The politics in question are openly hostile to science. That’s the difference, and that’s the reason for this “brouhaha.”
Shelby, sorry—fast, bad reading.
“Xerox PARC singlehandedly invented most of what you think of as the modern computer back in the 70s.”
A lot of that work (mouse, GUI, cut-and-paste) was borrowed from Doug Engelbart’s work on the Augmented Human Interface project at SRI in the late 1960s, sponsored by DARPA. When the funding dried up, Engelbart was shunted to Lockheed, and his key researchers moved to Xerox PARC.

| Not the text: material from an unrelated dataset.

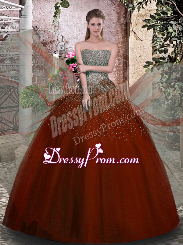 Neckline : StraplessShown Color : Rust RedSilhouette : Ball GownsSleeve Length : sleevelessHemline : floor lengthBack Detail : Lace upFabric : TulleEmbellishment : BeadingOccasion : Military Ball,Sweet 16Season : Spring,Summer,Fall,Winter
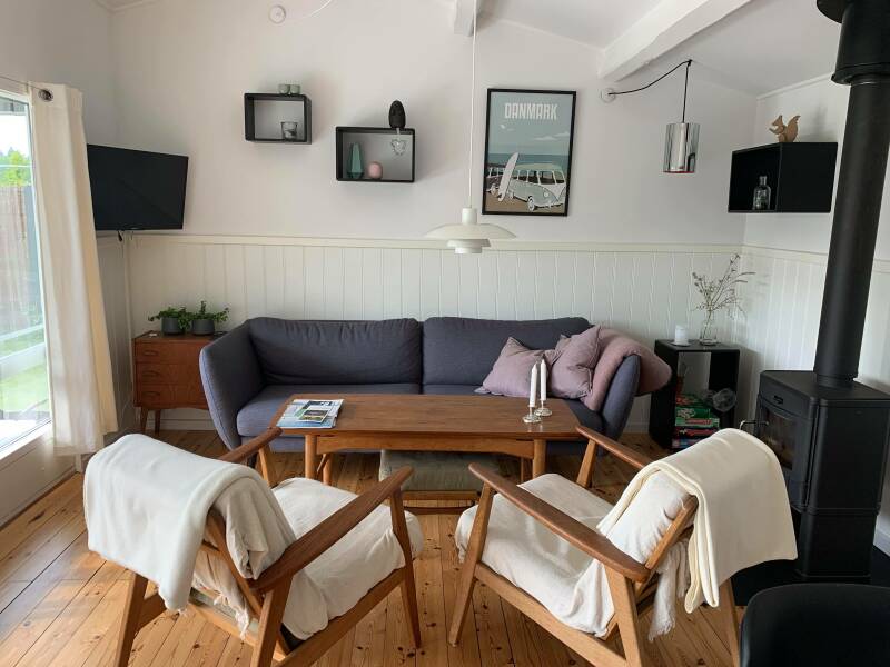 We zijn vlot van de boot af en hebben nog 20 minuutjes te rijden. Ik heb in Idestrup een zomerhuisje geboekt via AirBnB en als we aankomen op ons adres blijkt het op een chaletpark te staan. Maar chalets zijn het bij lange na niet, er staan de prachtigste huizen op dit terrein. Wij stoppen bij nummer 16. Dit huis ziet er wel verweerd uit. En ik herken het niet van de foto. oh oh. We lopen er omheen en zoeken naar de sleutel waarvoor Charlotte mij de aanwijzingen heeft gegeven. Maar niks. Het huis is wel zwart net als op de foto... Ik log in op mijn account. Heul ander huis man! Ik check de mail, ja, toch echt nummer 16. Dan komt de buurman naar buiten. Ik vraag hem of we goed zitten. Hij kijkt naar mijn mail. Het adres klopt zegt hij en hij weet het verder ook niet. Ik ga Charlotte maar eens contacten en ondertussen vrees ik grote vrezen, zal dit de eerste keer zijn dat we worden bedot op AirBnB? Als ik de chats met Charlotte bekijk zien we dat zij heeft aangegeven dat we op nummer 6 moeten zijn. En adem uit...

So Xerox was building on work done within SRI under gubmint sponsorship. SRI itself is a non-profit independent research institute, so it’s in a twilight world between the private- and public- sector.
This discussion seems to assume that there is only a choice between government and business funding of research, ignoring the role of non-profit agencies. Much of Harvard’s funding for the stem cell research comes from a large non-profit agency, for example. The non-profits fund basic research much as the government agencies do, without a vested interest in secrecy or potential profit. I’m just pointing this out - it should please the libertarians!
It’s been said that if the government directed reseach on Polio, we would have the best iron lung in the world, but no vaccine.